## Required work:
If a line of the listing contains the string "with", return that line.

## Available data:
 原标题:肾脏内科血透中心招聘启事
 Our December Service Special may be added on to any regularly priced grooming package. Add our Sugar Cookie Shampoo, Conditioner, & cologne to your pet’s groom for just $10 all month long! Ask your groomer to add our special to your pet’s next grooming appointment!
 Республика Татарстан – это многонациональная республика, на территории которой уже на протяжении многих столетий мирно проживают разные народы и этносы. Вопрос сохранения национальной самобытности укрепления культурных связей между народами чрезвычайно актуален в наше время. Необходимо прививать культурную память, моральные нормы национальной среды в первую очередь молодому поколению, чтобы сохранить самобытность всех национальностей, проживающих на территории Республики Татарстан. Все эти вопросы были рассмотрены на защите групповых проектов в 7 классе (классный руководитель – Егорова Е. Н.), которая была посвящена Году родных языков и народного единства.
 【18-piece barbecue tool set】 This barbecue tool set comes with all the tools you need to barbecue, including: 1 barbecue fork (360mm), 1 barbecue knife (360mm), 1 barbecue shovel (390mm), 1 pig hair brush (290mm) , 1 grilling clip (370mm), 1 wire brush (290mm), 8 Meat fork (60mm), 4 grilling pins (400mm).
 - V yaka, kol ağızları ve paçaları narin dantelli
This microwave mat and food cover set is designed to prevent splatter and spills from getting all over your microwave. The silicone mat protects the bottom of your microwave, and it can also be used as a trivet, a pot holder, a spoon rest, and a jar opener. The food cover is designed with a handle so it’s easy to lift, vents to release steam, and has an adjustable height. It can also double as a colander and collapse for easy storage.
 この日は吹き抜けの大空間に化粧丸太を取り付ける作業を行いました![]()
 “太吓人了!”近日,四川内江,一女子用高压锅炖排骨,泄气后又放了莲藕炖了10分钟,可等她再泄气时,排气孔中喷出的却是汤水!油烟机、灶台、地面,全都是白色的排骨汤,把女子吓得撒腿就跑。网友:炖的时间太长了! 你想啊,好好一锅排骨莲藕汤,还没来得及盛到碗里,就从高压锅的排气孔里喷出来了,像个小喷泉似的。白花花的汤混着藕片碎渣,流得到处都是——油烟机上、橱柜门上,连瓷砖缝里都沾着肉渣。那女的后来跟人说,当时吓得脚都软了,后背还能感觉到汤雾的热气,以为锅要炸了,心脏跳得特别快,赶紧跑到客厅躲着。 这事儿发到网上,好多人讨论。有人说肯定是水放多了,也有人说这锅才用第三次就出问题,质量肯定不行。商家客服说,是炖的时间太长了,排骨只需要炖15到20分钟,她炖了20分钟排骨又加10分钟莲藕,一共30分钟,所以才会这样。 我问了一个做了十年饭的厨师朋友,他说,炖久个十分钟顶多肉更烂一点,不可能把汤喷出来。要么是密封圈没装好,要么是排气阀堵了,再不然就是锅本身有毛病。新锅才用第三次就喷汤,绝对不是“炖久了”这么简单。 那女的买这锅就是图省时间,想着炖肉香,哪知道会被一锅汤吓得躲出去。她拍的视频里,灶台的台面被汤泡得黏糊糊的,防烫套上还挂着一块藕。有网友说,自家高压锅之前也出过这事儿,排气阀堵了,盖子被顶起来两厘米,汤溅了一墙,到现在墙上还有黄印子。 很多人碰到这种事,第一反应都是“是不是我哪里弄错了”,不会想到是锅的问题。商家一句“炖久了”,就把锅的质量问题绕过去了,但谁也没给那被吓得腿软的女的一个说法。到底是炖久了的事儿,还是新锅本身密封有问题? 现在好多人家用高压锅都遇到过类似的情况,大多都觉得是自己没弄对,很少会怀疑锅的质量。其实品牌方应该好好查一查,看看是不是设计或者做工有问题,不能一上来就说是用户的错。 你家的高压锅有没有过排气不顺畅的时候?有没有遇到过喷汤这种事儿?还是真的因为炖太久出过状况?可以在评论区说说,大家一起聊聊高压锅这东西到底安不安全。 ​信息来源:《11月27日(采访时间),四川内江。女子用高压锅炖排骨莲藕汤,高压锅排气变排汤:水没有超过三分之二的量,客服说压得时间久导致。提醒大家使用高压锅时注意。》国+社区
--
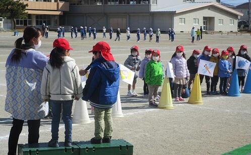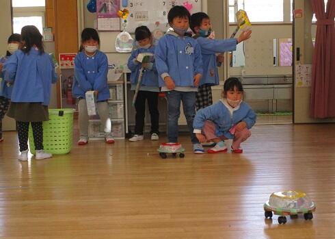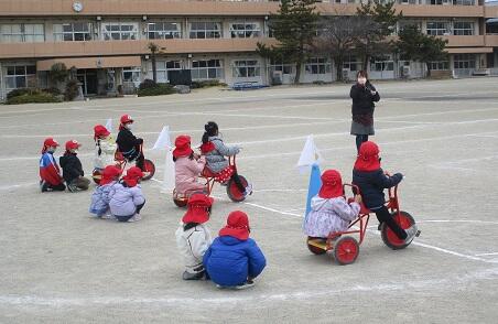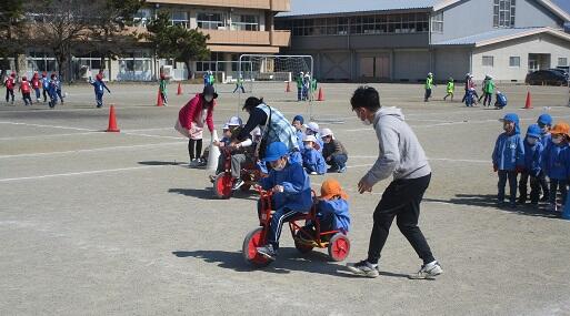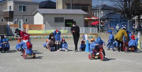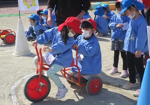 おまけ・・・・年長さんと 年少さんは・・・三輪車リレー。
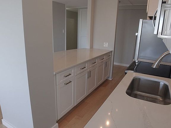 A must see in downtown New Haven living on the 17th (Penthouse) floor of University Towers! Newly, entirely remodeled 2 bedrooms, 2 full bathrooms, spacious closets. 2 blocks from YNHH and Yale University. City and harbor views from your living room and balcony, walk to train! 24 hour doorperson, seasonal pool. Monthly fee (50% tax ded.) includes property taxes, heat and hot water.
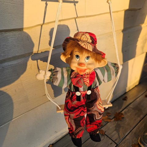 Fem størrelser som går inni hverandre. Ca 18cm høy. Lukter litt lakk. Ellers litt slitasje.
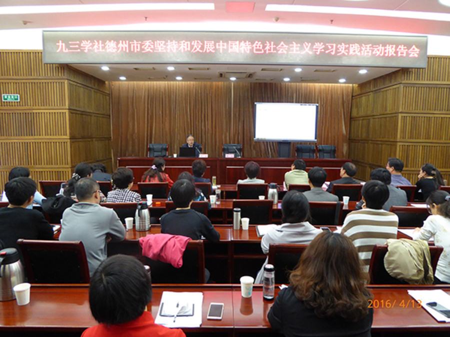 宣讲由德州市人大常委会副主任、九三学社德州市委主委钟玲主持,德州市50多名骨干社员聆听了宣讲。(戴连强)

## Response:
 【18-piece barbecue tool set】 This barbecue tool set comes with all the tools you need to barbecue, including: 1 barbecue fork (360mm), 1 barbecue knife (360mm), 1 barbecue shovel (390mm), 1 pig hair brush (290mm) , 1 grilling clip (370mm), 1 wire brush (290mm), 8 Meat fork (60mm), 4 grilling pins (400mm).
This microwave mat and food cover set is designed to prevent splatter and spills from getting all over your microwave. The silicone mat protects the bottom of your microwave, and it can also be used as a trivet, a pot holder, a spoon rest, and a jar opener. The food cover is designed with a handle so it’s easy to lift, vents to release steam, and has an adjustable height. It can also double as a colander and collapse for easy storage.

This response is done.